To classify tumours based on histology, we match details in the cancer_analysis first with av_tumour, which is considered the main source of truth for tumours, and then hes_apc. The match_rank criteria is as follows:

match_rank meaning
1 Information in cancer_analysis, av_tumour and apc all agree with one another.
2 Information in cancer_analysis and av_tumour agree
3 Information in av_tumour and apc agree
4 Information in cancer_analysis and apc agree
5 There is no linkage between cancer_analysis, av_tumour and apc

Pipeline and logic


  1. A disease_type_translations file created by domain experts consisting of four columns: Study.Abbreviation, Study.Name, gel_ca.disease_type, ICD10, ICD.O.3. Here Study.Abbreviation and Study.Name refer to the TCGA code and corresponding name. gel_ca.disease_type refers to the cancer_analysis disease type that this TCGA code falls under.
  2. The av_tumour LabKey table - This table is needed to find the relevant ICD10 and ICD.O.3 codes for a given participant in cancer_analysis. Based on disease_type_translations, these ICD10 codes and ICD.O.3 codes are then mapped to TCGA codes. There may be multiple rows in av_tumour for a given participant, so the row with diagnosisdatebest closest to tumour_clinical_sample_time is chosen.
  3. The apc LabKey table - For any participants where there is no data for in av_tumour, ICD10 codes are extracted from apc and mapped to possible TCGA codes using 'disease_type_translations' file. Again, there may be multiple rows in apc for a given participant so the row with opdate_01 closest to tumour_clinical_sample_time is chosen.
  4. The most up-to-date cancer_analysis table from LabKey.
  5. The participant list for the Data Release version at hand.


Prepare the data:

  1. Read in cancer_analysis the original cancer_analysis table and keep all the columns.
  2. Read in the whole disease_type_translations
  3. Read in av_tumour and apc. The columns needed are as follows:

    table field use
    av_tumour * participant_id
    * diagnosisdatebest
    av_tumour * site_coded_3char
    * histology_coded
    * histology_coded_desc
    apc * participant_id
    * opdate_01
    apc * diag_01 cross-reference
  4. Filter apc based on diag_01 code. Firstly select all rows that have a diag_01 code containing a 'C'. Then remove any trailing X | - | D | - | A characters. and convert the diag_01 codes to 3 character length. Now av_tumour, apc and 'disease_type_translations' all have 3 character ICD10 codes.
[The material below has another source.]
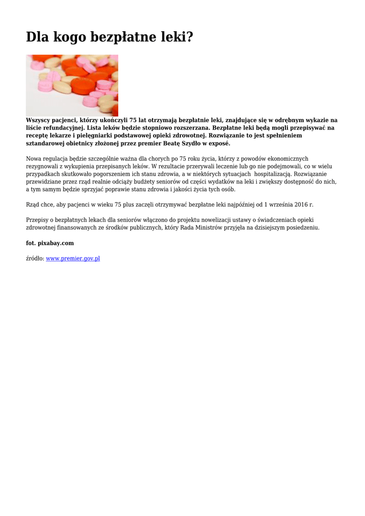 Dla kogo bezpłatne leki? Wszyscy pacjenci, którzy ukończyli 75 lat otrzymają bezpłatnie leki, znajdujące się w odrębnym wykazie na liście refundacyjnej. Lista leków będzie stopniowo rozszerzana. Bezpłatne leki będą mogli przepisywać na receptę lekarze i pielęgniarki podstawowej opieki zdrowotnej. Rozwiązanie to jest spełnieniem sztandarowej obietnicy złożonej przez premier Beatę Szydło w exposé. Nowa regulacja będzie szczególnie ważna dla chorych po 75 roku życia, którzy z powodów ekonomicznych rezygnowali z wykupienia przepisanych leków. W rezultacie przerywali leczenie lub go nie podejmowali, co w wielu przypadkach skutkowało pogorszeniem ich stanu zdrowia, a w niektórych sytuacjach hospitalizacją. Rozwiązanie przewidziane przez rząd realnie odciąży budżety seniorów od części wydatków na leki i zwiększy dostępność do nich, a tym samym będzie sprzyjać poprawie stanu zdrowia i jakości życia tych osób. Rząd chce, aby pacjenci w wieku 75 plus zaczęli otrzymywać bezpłatne leki najpóźniej od 1 września 2016 r. Przepisy o bezpłatnych lekach dla seniorów włączono do projektu nowelizacji ustawy o świadczeniach opieki zdrowotnej finansowanych ze środków publicznych, który Rada Ministrów przyjęła na dzisiejszym posiedzeniu. fot. pixabay.com źródło: www.premier.gov.pl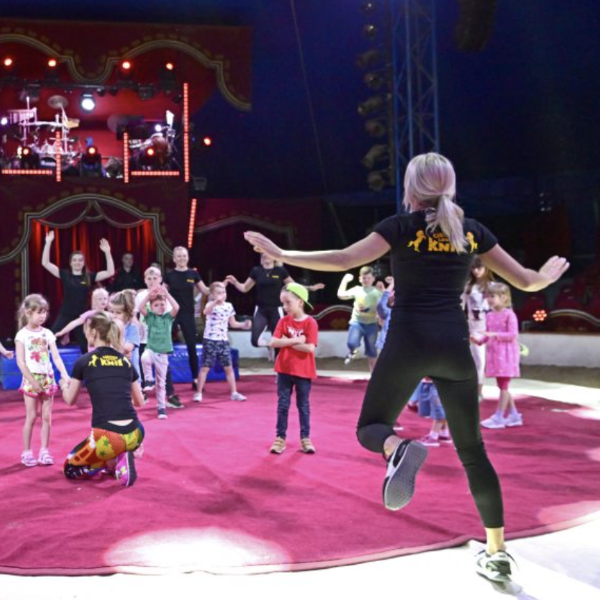 Около 60 сотрудников со всего мира приглашают вас на Арену на Дунае в Вене до 20 июня. В июле традиционно не бывает спектаклей, но на этот раз дети в возрасте от пяти до пятнадцати лет могут сделать свои первые шаги в акробатике или комедии под руководством профессионалов. С понедельника по четверг занятия со специальными педагогами, в пятницу небольшое представление в оригинальном шатре перед публикой.

Compare av_tumour and cancer analysis

  1. Join av_tumour to cancer_analysis on participant_id. This provides a table with all the cancer analysis columns plus diagnosisdatebest, site_coded_3char, histology_coded, histology_coded_desc from av_tumour. However there are extra rows for given participants based on multiple rows in av_tumour for that participant.
  2. Create a new column named av_tum.date_difference representing the absolute difference in days between diagnosisdatebest and tumour_clinical_sample_time. Replace any null values with a placeholder value of 100000 days.
  3. For instances where we have multiple rows in av_tumour, select the rows in the joined table with the minimum av_tum.date_difference. This provides a table with the original cancer_analysis data and any data from av_tumour closest to the tumour_clinical_sample_time. Refer to this joined table as 'ca_av_tum'.

Note: Not all the participants in cancer_analysis appear in av_tumour, or there is no ICD10 code and histology_code in av_tumour for some participants in cancer_analysis. These are identifiable by looking at null diagnosisdatebest in 'ca_av_tum' and these are the participants where additional information from apc is required.
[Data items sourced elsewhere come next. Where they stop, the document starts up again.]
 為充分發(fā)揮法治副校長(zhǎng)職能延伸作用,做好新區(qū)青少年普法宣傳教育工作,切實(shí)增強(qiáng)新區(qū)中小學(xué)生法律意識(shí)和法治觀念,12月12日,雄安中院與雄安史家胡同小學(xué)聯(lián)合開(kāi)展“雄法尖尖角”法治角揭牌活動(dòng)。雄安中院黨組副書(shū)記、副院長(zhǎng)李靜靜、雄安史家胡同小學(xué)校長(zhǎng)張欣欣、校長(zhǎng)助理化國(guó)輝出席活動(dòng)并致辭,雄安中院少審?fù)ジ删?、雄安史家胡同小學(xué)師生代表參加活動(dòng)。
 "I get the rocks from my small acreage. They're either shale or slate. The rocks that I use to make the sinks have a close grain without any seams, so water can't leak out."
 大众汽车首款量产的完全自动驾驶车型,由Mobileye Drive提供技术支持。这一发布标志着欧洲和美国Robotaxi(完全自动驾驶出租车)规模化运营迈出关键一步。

Map the ICD10 codes and ICD.O.3 codes from av_tumour to TCGA codes

  1. Join the 'disease_type_translations' table with the 'ca_av_tum' on the following columns:

    disease_type_translations columns ca_av_tum columns
    ICD10 site_coded_3char
    ICD.O.3 histology_coded

    The disease_type_translations file contains mappings to TCGA codes for many combinations of ICD10 and ICD.O.3 and thus mappings to corresponding disease_types based on these TCGA codes. This means that given a participant in cancer_analysis, if there is data for that participant in av_tumour, then the joined table will have corresponding TCGA code and the relevant disease_type based on this TCGA code. This acts as a point of comparison between the disease_type in cancer_analysis and the additional data provided by av_tumour.

  2. Temporarily create a av_tum.gel_match column acknowledging whether the data in av_tumour agrees with the data in cancer_analysis. Return TRUE if they are in agreement and FALSE otherwise. Note, null values will also return FALSE which is not a problem. This will later be used to aid the match_rank system.

Compare apc and cancer analysis

Repeat similar steps as above but for apc instead of av_tumour.

  1. Join apc to cancer_analysis on participant_id.
  2. Create a new column named apc.date_difference representing the absolute difference in days between opdate_01 and tumour_clinical_sample_time. Replace null values with a placeholder value of 100000 days.
  3. For instances where there are multiple rows in apc for a participant in cancer_analysis, select the rows in the joined table with minimum apc.date_difference. Refer to this joined table as 'ca_apc'.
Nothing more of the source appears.